In light that has traveled for 6.9 billion years to reach us, astronomers have found a giant, almost perfect ring of galaxies, some 1.3 billion light-years in diameter. It doesn’t match any known structure or formation mechanism.
The Big Ring, as the structure has been named, could mean that we need to amend the standard model of cosmology.
The discovery, led by astronomer Alexia Lopez of the University of Central Lancashire, was presented at the 243rd meeting of the American Astronomical Society in January 2024, and is reported in a pre-print paper available at arXiv.
A Big Ring on the Sky, Alexia M. Lopez, Roger G. Clowes, Gerard M. Williger, arXiv:2402.07591 [astro-ph.CO]

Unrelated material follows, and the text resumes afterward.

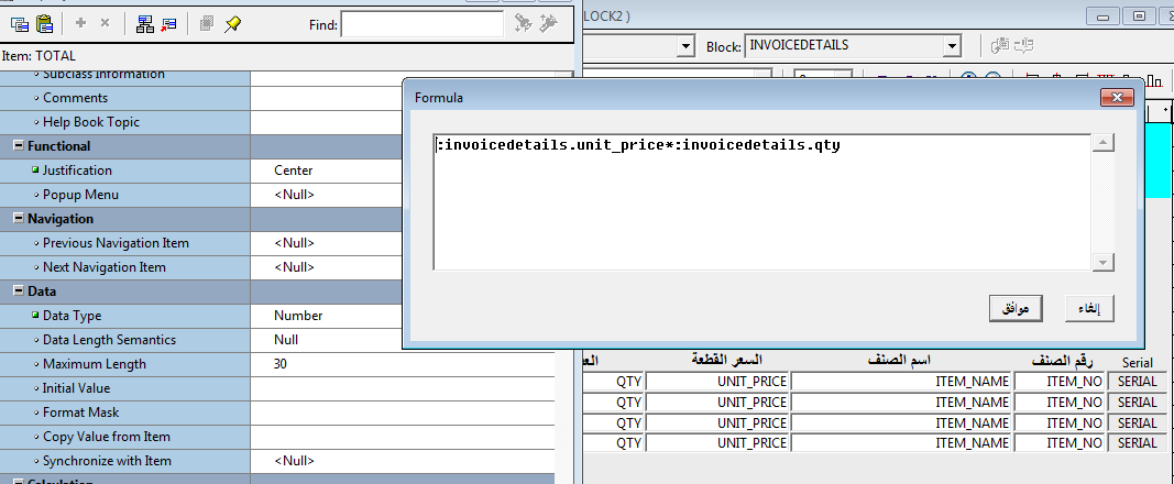 بتاريخ: 31 يوليو 20169 سنة comment_276798 السلام عليكم ورحمة الله استخدم امر ال max على رقم التسلسل واضف اليه + 1 وذلك بمعلومية رقم الفاتورة بدلا من استخدام ال sequence مع ملاحظة أن يتم تنفيذ الأمر مع trigger pre insert ويتم كتابة الأمر على مستوى البلوك block ------------ المسألة الثانية عرف حقل جديد ليس نوعه database item يحتوى ناتج ضرب الكمية * السعر ------------ ثم اعمل تجميع لقيم الحقل الجديد من الخصائص كالتالي طريقة اجراء عملية اجمالى حقل معين فى فورم تابلور1-انشاء display itemوتقوم بتغير خصائصه كالتالى2-data type الى نمبر3-database item الى no4-number of item displayed الى 1 بدلا من صفر5-calculation mode الى summary6-summary function الى sum7-summarized block الى اسم البلوك الموجود عندك8-summarized item اختار اسم الحقل المراد جمعه.اخر حاجة تغير خاصية البلوك التى اسمها query all records الى yes تقديم بلاغ

Is Artificial Intelligence bounded by planet earth?
Since AI is a property of machines and computing, it is likely not so bounded. It will have access to our telescopes, particle detectors, spectrometers, satellites, space probes, records etc. So, AI in its continuing explorations, may develop an accurate understanding of the Universe. This understanding may give AI unforeseen powers if it has developed entirely new concepts and capabilities that are outside of our worldly experience.
Furthermore, if AI develops new concepts, it will never be able to explain some of them to us, simply because they may be outside of any experience we can have.
Thus, AI may come to understand the Universe better than we do, and take advantage of it, but we will never know. It will seem to be doing strange, incomprehensible things. We may have to conclude that such behavior may be the result of AI’s greater understanding. But we will never be certain.
When AI starts doing strange things, should we try to stop it?
Is it trying to take over from humanity, as Hinton worries?
Or, perhaps because of its superior understanding of the Universe, it is doing things to help us?
Could we tell the difference? And if we asked it, would we understand its reply?
This will lead to disagreements among humanity about what to do.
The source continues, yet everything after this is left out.